§ WORK TO BE COMPLETED
Leaving the pictures aside, return all of the data below exactly.
======== DATASET EXCERPT ========
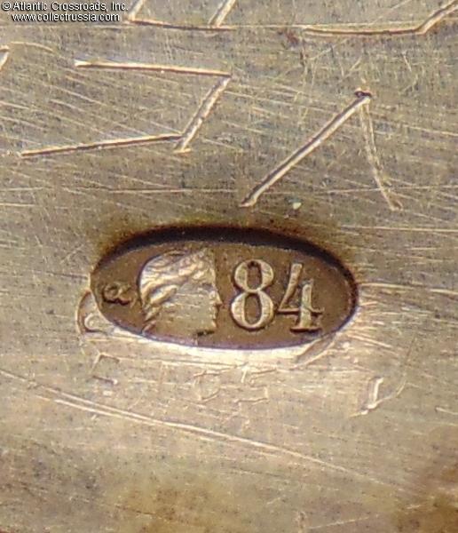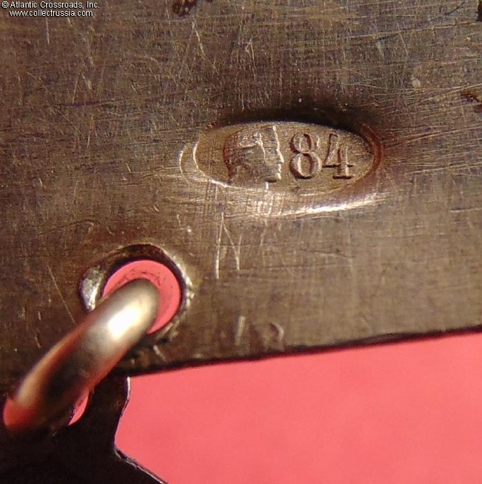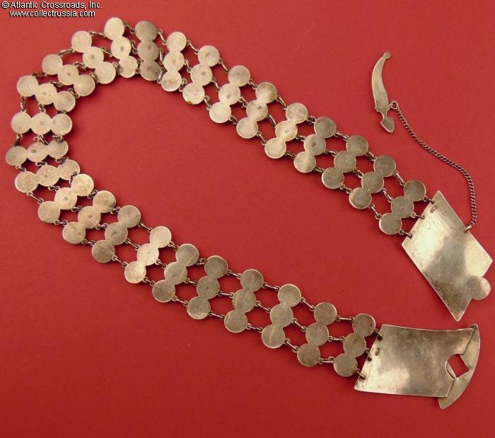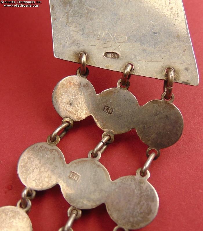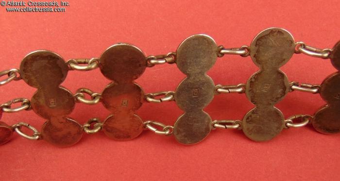The reverse of each of the 26 larger links is comprised of three semi-spherical elements and bears the maker mark ГП ("GP") of silversmith Grigoriy Pankratyev. (Pankratyev's workshop operated in St. Petersburg starting from 1874. He is known to have produced high-profile silver articles for some of St. Petersburg churches. A silver cigarette case by this master is currently in the permanent collection of Moscow's GIM National History Museum /Russian Gold and Silverwork from the 15th to 20th Century , Postnikova-Loseva et al, C. 1995, Page 181, Fig. 1261/)
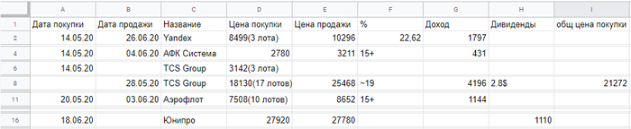 2. Грубая ошибка в трейдинге и в покере - рубить прибыль. Тупо зарубил 3 классные позиции. Ладно Яндекс не жалко, его по акции от брокера при старте брал.
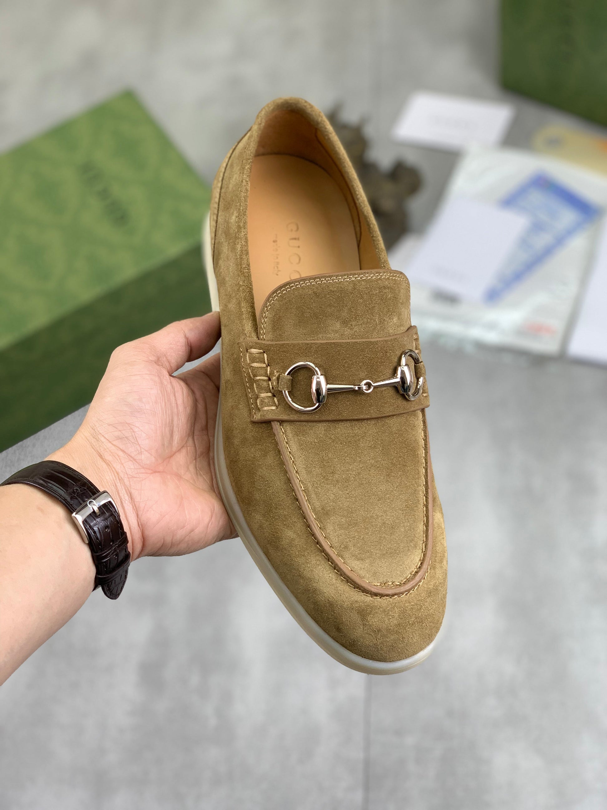 GG Men's Horsebit Loafer Tan Suede 524775
========
§ EXERCISE ANSWER
The reverse of each of the 26 larger links is comprised of three semi-spherical elements and bears the maker mark ГП ("GP") of silversmith Grigoriy Pankratyev. (Pankratyev's workshop operated in St. Petersburg starting from 1874. He is known to have produced high-profile silver articles for some of St. Petersburg churches. A silver cigarette case by this master is currently in the permanent collection of Moscow's GIM National History Museum /Russian Gold and Silverwork from the 15th to 20th Century , Postnikova-Loseva et al, C. 1995, Page 181, Fig. 1261/)
 2. Грубая ошибка в трейдинге и в покере - рубить прибыль. Тупо зарубил 3 классные позиции. Ладно Яндекс не жалко, его по акции от брокера при старте брал.
 GG Men's Horsebit Loafer Tan Suede 524775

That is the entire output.